The study looked at government reports for all Medicare-certified hospitals between May 2012 and April 30, 2013. To calculate those with the highest markup, they tallied up the total charges, then divided by the patient care cost, which they defined as total costs Medicare agrees to pay for those with its government-subsidized health insurance.

"For-profit players appear to be better players in this price-gouging game," said Ge Bai, an assistant accounting professor at Washington and Lee University and a co-author.

Carepoint Health, which owns the Bayonne Hospital and two other hospitals in Hudson County, N.J., said charge-pricing affects less than 7 percent of total patient interactions system-wide. Without it or adequate reimbursements, "our safety-net hospitals risk closure," Carepoint said in a statement. Urban hospitals are reimbursed by insurers at lower rates than suburban ones, a spokesman said.

Officials at Community Health Systems of Franklin, Tenn., which operates 25 of the hospitals, and Hospital Corp. of America, based in Nashville, which operates 14, said hospital charges rarely reflect what consumers actually pay. They said their hospitals offer significant discounts to uninsured patients and charity care for those who qualify. Community Health Systems said in a statement that it provided $3.3 billion in charity care, discounts and other uncompensated care for consumers last year. It also noted that several of its hospitals were not owned by CHS at the time the data were reported.

Anderson said researchers chose to show the current ownership status because the company bought the hospitals knowing about the inflated prices.

HCA said in a statement that its uninsured patients are eligible for free care through its charity care program or they receive discounts that are similar to the discounts a private insurance plan receives.

The Federation of American Hospitals, which represents for-profit hospitals, said the listed hospitals provided nearly $450 million in uncompensated care in 2012 alone. Including the discounts "would have had a significant effect on the charge-to-cost-ratio reported, and therefore the implications of the study's results," it said in a statement.
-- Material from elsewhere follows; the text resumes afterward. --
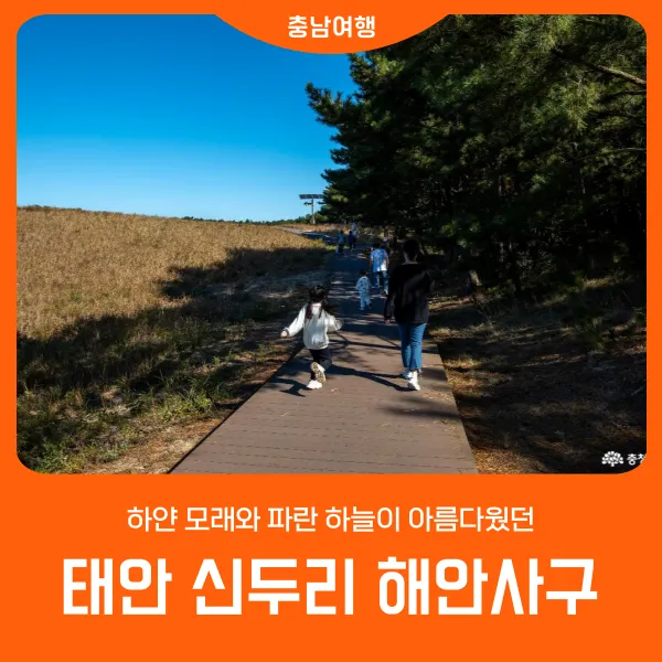 아이들과 부모님이 함께 신두리 해안사구를 돌아보는 모습을 볼 수 있었는데 좀 전에 보았던 모래 체험하는 곳에서 아이들이 나가지 않으려고 해, 부모님과 실랑이를 하는 모습을 보면서 어린 시절 엄마 아빠와 놀러 다니던 기억이 소환되어 기분 좋은 시간을 가질 수 있었습니다. 앞으로 잘 가꾸고 보존해서 물려주어야 할 유산이라는 생각을 하면서 다시 돌아보게 되는 신두리 해안사구,

Anderson said it made little economic sense to "mark something up 10 times what it actually costs and then give a discount." He added: "Clearly they expect someone to pay these inflated prices."

He noted that the cost of workers' compensation and auto insurance polices are higher in the states where hospital charges are unregulated because companies have to pay the higher rates.

The idea for the paper came when co-author Bai received a hospital bill six years ago after her son was born. "I realized that I could not understand the bill," said Bai, a certified public accountant. She thought to herself that if she couldn't figure it out, how could the average American? Bills for other items that consumers buy are relatively easy to understand, she noted.

"But we do not understand the bills for this, our most valuable asset," she said. "This is ridiculous and sad."